Ura-marunnu is a traditional babycare practice comprising of a group of drugs administered to the child in the form of paste. This is widely practiced in the states like Kerala, Tamil Nadu and Karnataka. Different ingredients of Uramarunnu which are prevalently used in Kerala are Avartaki (Caesalpiniaceaeauriculata Linn), Vacha, Jatiphala (Myristica fragrance Houtt.), Mayaphala (Quercus infectoria Oliv.), Karpuravalli (Plectranthusamboinicus Lous.), Lakshmana (Ipomoea sepiasia Koenig Ex. Roxb.), Tripadi, and Koshataki (Luffa acutangula Linn.) [13]. Any of these drugs alone or as group are triturated with breastmilk/honey/butter/cow's milk and administered once in a week, after 28 days till the age of 2 years. Dosage is the drug obtained with a single rub on an abrasive material. There is no proper standardization on its dosage. Sticking to the concept of Oushadamatra mentioned in Sharghadara Samhita, dosage can be restricted to 1–2 ratti. It is a preventive and curative aid for digestive disorders like colic pain, Krimiroga (worm infestation), Swasakasa (respiratory disorders) and Graha in infants and children, and also helps in proper development of milestones [14].

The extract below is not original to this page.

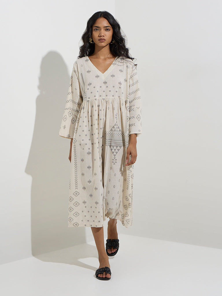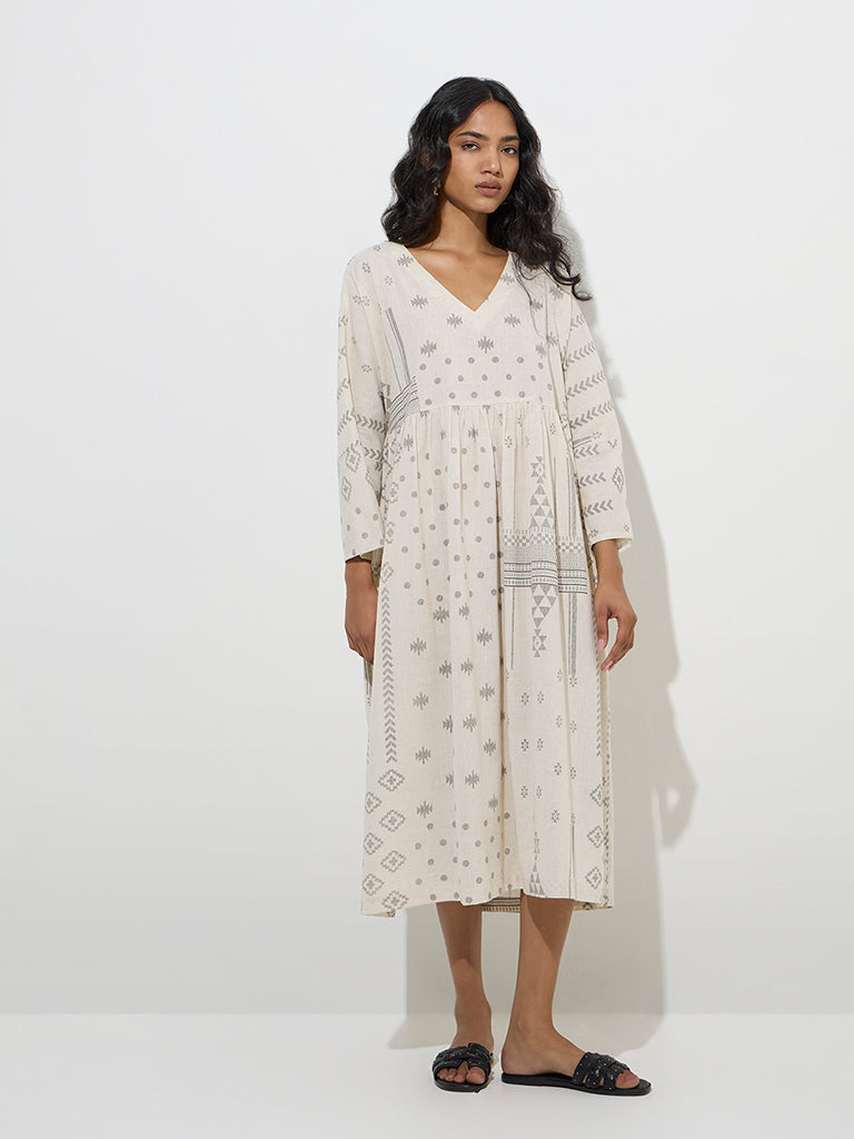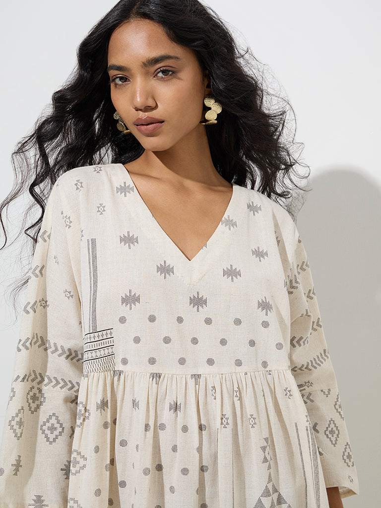 Utsa Off-White Geometric Pattern Cotton-Blend A-Line Dress

3.2.2.2. Contributions to the disease field
Many new diseases were introduced in old Balacikitsa textbooks and their treatments were also mentioned. Skin diseases like Karappan (Balavisarpa), Shakaroga (skin disease of extremities and head), and Varppan are narrated. Karappan, which are limited to 9 types in adults are elaborated in to 51 types in children [A.K.D 13/63]. Eight types of Shakharoga which occurs only in the four sakhas are also described. It occurs due to the vitiation of Kapha, Rakta and Vata. They are Raktolbuda, Ajagallika, Gallaka, Asrasopha, Kupaka, Indrarmma, Idhmaka, and Dadhmika [A.K.D 20/1-5]. Vatashonitha is named as Rakthasthamba. Rakta anvastha which is included in Vathasonitha, is a term used to denote various conditions that result because of the exaggerated movement of raktha through different parts of the body by the vitiated vata. They are 18 in number. They are broadly divided into Nija and Agantu. Different types of Varppan like Manal varppan, Neer varppan are explained under Rakthasthamba (Vatashonitha in adults), based on the Dhatus vitiated [A.K.D 18/300-330].
Several new diseases like Kundalaka, Jatara vrana, and Raktalasaka are described. Kundalaka is a Raktha mamsasritha roga which manifests in three ways based on three doshas [A.K.D 19/1,2]. Symptoms of Jataravrana include discolouration of tongue, continuous crying, crying increases on touching stomach, greenish veins on abdomen, bloating, diarrhoea and fever [A.K.D 19/19,20]. Another disease named ‘Ulbarus’ which occurs due to vitiation of Dosha or Vrana in Garbhasaya or due to vitiation of Rakta, are manifested as carbuncles on the body of the child. It is either present at birth or formed soon after birth. Such children will suffer from cracking of skin of palm and sole and excessive hairloss. Ulbarus is of 7 types and the clinical manifestation is similar to that of Phiranga [A.K.D 19/33-35]. Rakthalasaka is a condition, where Kapha blocks the passage of Raktha, and this stagnant Rakta gets mixed with Kapha and forms masses, which enlarge and become painful, itchy, cold, heavy and whitish or reddish in colour [A.K.D 19/53-55]. Different types of Vranas like Nakhavrana, Januvrana, Gopavrana, Veethivrana, Urovrana, Kakshavrana, and Siravrana are explained [A.K.D – chapter 22]. In Kshudraroga context, some conditions like Kandalika, Padasabda, Dehasphutana, Dehasweda, and Dehadurgandha and methods to remove thorns from the body are narrated [A.K.D 24/93-102].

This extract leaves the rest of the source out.